The prompt for this
piece was an exercise that I did at the Indiana University Writer’s Conference
this year with our poetry teacher, Gabrielle Calvocoressi. A fan of 3 or 4
pronged projects, she challenged us to write a letter that was also a map
leading to (at the retreat) a cemetery to someone we’d not seen in a while. I figured
it was the perfect way to write about my cross-country tour from New Mexico to
Indiana, then Detroit, Toronto, and Chicago before getting back on a 2-day
train trip to Seattle. Check it out!
Dear,
You don’t get here by walking. You start out on a relay
race of buses, trains, and airplanes with squalling babies all aboard. By the
time you arrive, you’ve stripped off all the expectations of this place – you aren’t
that kind of person whose researched and planned every moment of their travel,
though there are moments you wished you were. Having so recently left the
cramped dark city, the red rock cliffs astound you. The open spaces flecked
with turkeys and mousing cats make you tingle with delight. Today, your friend
helped guide a horse off a busy two-lane highway before you went on your way. There
is laughter when you and your friend slather yourselves in mud and parade from
hot spring to hot spring, feeling cleansed and sleepy on the way home. Home.
This is the first state you’ve felt like you could live right when you stepped
foot in it; you’ve fallen in love with the sprawling western-style houses and
everything coated in chili.
When are you getting here? You’ve just missed the
shuttle. The airport is humid. You spend your time re-folding clothes in your
bag on a cushioned bench. When are you getting here? You come upon the tiny
town in less time than you thought and wander where there are no stoplights, looking
for all the greasy food you can handle. When the classes start the next
morning, it finally feels as if you’ve arrived – a solid 6-8 hours a day
drawing doodles and weaving images into plain notebook paper. Who cares if they’re
good? At least they’ve gotten there. When social interaction is too
overwhelming, you disappear to watch Midwestern roller derby, but remember too
late that small town buses don’t run at night. Then you find yourself walking
two miles down a dark road in a town you’re unfamiliar with – a story you tell
only after you’ve survived it.
Take a detour and
read my piece about wandering the city of Detroit.
Landing in a new city across the border, your first
instinct is to go to the cemetery. To the old jail-turned-health-center and the
small farm across the way. You find ponds that inexplicably frighten you;
places where you think they could easily dump a body. Something about the city
tires you. You meet new friends and eat bad Indian food and try to stay out of
the rain. Meet me at the Necropolis, you’d like to say.

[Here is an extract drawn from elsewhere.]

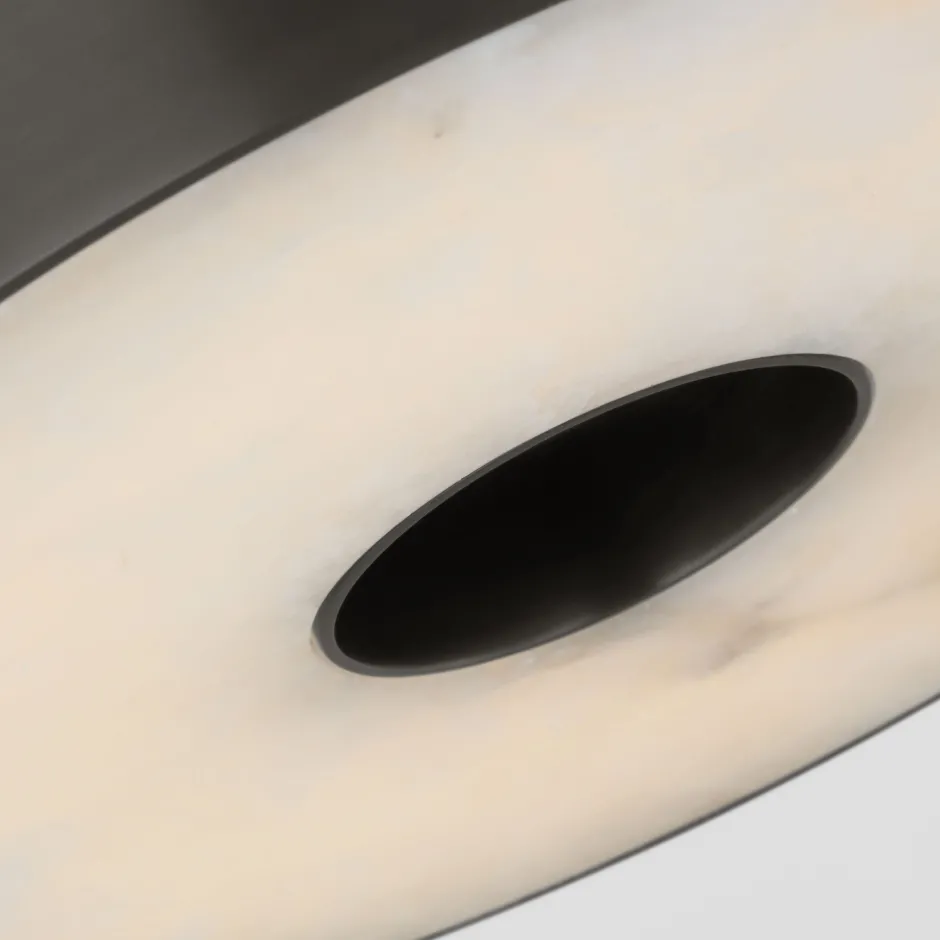 The Wyllis flush mount is structured and refined, this collection pairs solid brass hardware with natural alabaster diffusers. Both functional and decorative with a design that reflects modern art when off and functional lighting when turned on. Offered in modern finishes.

This is the last stop. It’s taken you an overwhelming
amount of time to get here – night trains and day trains all conveniently
delayed. By the time you’ve reached your host, you’ve started to flash back to
New York. This is a scene familiar to you: big buildings clustered downtown,
tourists flocking to the park. You get stopped by Christian college folk
conducting surveys. You and your host pull out books and discuss them one by
one. The night before you leave, you take in a play about Muslim women and
post-9/11 Islamophobia that brings tears to your eyes. Then it’s yet another
rain storm and yet another train.
The world is flat until Montana. You catch a glimpse
outside your window when you’re not sleeping or nose-deep in a book. No internet
here, sometimes no cell signal either. Spending two days on a train makes your
teeth go soft; you clench your fists at some of the conversations of your
fellow passengers. But every once in a while they surprise you. The
conservatively dressed Amish people who depart in a cluster midway through. The
older Idaho farm consultant, burned red in the sun, who talks politics with you
into the night. For someone used to speed, this is not the way to go. But
though the mountains slow you down, they also whisper “welcome.”